Todavía no han comprendido los poetas que de la poesía
no se puede hablar en tono poético y por eso sus revistas están llenas de
poetizaciones sobre la poesía muy a menudo horripilantes por su estéril
malabarismo verbal. A esos pecados mortales contra el estilo los lleva el temor
que sienten ante la realidad y la necesidad de encontrar a toda costa una
afirmación de su quebrantado prestigio. La ceguera voluntaria se nota también
en ese simplismo tremendo en que caen hombres, por otra parte muy inteligentes,
cuando se trata de su suerte. Muchos poetas pretenden salvarse de las
dificultades expuestas más arriba declarando que ellos escriben sólo para sí
mismos, para su propio goce estético aunque al mismo tiempo hacen lo posible
por publicar sus obras. Otros buscan la salvación en el marxismo y afirman con
toda seriedad que el pueblo es capaz de asimilar sus refinadísimos y difíciles
poemas, productos de siglos de cultura. Ahora la mayoría de los poetas cree
firmemente en la repercusión social de los versos y nos dirán extrañados:
"Pero cómo puede usted dudar... Vea las muchedumbres que asisten a cada
recital poético. ¡Cuántas ediciones se publican! Cuánto se escribe sobre la
poesía y cuán admirados son los que conducen a los pueblos por el camino de la
Belleza."No se les ocurre pensar que en un recital poético es casi
imposible asimilar un verso (porque no basta escuchar un verso moderno una sola
vez para entenderlo), que miles de libros se compran para no ser leídos nunca,
que los que escriben en los periódicos sobre poesía son poetas y que los
pueblos admiran sus poetas porque necesitan mitos. No se dan cuenta que si las
escuelas no enseñasen a los niños el culto de los poetas en sus tristes y tan
formales clases de idioma nacional y si este culto no se mantuviera todavía por
inercia entre los adultos nadie, fuera de unos pocos aficionados, se
interesaría en ellos. No quieren ver que esa supuesta admiración por el canto versificado
es en realidad el resultado de muchos factores como la tradición, la imitación
y, aún otros, como el sentimiento religioso o la afición deportiva (porque
asistimos a un recital poético del mismo modo que a una misa −sin comprenderlo−
y sólo cumpliendo un acto de presencia frente a un rito; y porque nos interesa
la carrera de los poetas hacia la gloria así como nos interesan las carreras de
caballos); no, ese complicado proceso de la reacción de las multitudes se
reduce para ellos a la fórmula: "el verso encanta porque es bello..."
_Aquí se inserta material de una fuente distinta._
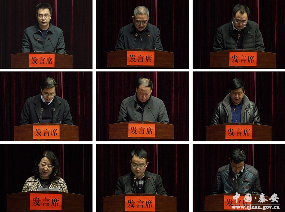 會(huì)上,縣委副書記王龍強(qiáng)傳達(dá)學(xué)習(xí)了習(xí)近平總書記關(guān)于脫貧攻堅(jiān)工作的重要論述精神;縣政府副縣長文斌傳達(dá)了省、市主要領(lǐng)導(dǎo)有關(guān)脫貧攻堅(jiān)工作的批示精神;縣政府副縣長文斌、部分鎮(zhèn)、縣直部門、駐村幫扶工作隊(duì)、貧困村黨支部代表分別作了誓師發(fā)言;縣委副書記、縣長程江芬代表縣委、縣政府與脫貧攻堅(jiān)專責(zé)工作組簽訂了軍令狀,并與各包鎮(zhèn)領(lǐng)導(dǎo)、17鎮(zhèn)主要負(fù)責(zé)人分別簽訂了軍令狀;縣委常委、組織部部長肖江與駐村幫扶工作隊(duì)簽訂了軍令狀;市扶貧辦副主任郭湘,秦安縣委副書記、縣長程江芬分別作了講話。

Que me disculpen los poetas. Yo no los ataco para molestarlos y gustoso
tributaré homenaje a los altos valores personales de muchos de ellos; sin
embargo ya se ha colmado el cáliz de sus pecados. Hay que abrir las ventanas de
esta hermética casa y sacar sus habitantes al aire fresco, hay que sacudir la
pesada, majestuosa y rígida forma que los abruma. Poco me importa que digáis
pestes de mí y de mi nota. ¿Acaso puedo esperar que aceptéis un juicio que os
quita la razón de ser? Y, además, mis palabras están destinadas a la nueva
generación. El mundo se vería en situación desesperada si cada año no entrase
un nuevo contingente de seres humanos, frescos, libres del pasado, no
comprometidos con nadie ni con nada, no paralizados por puestos, glorias,
obligaciones y responsabilidades, seres, en fin, no definidos por lo que ya han
hecho y, por lo tanto, libres para elegir.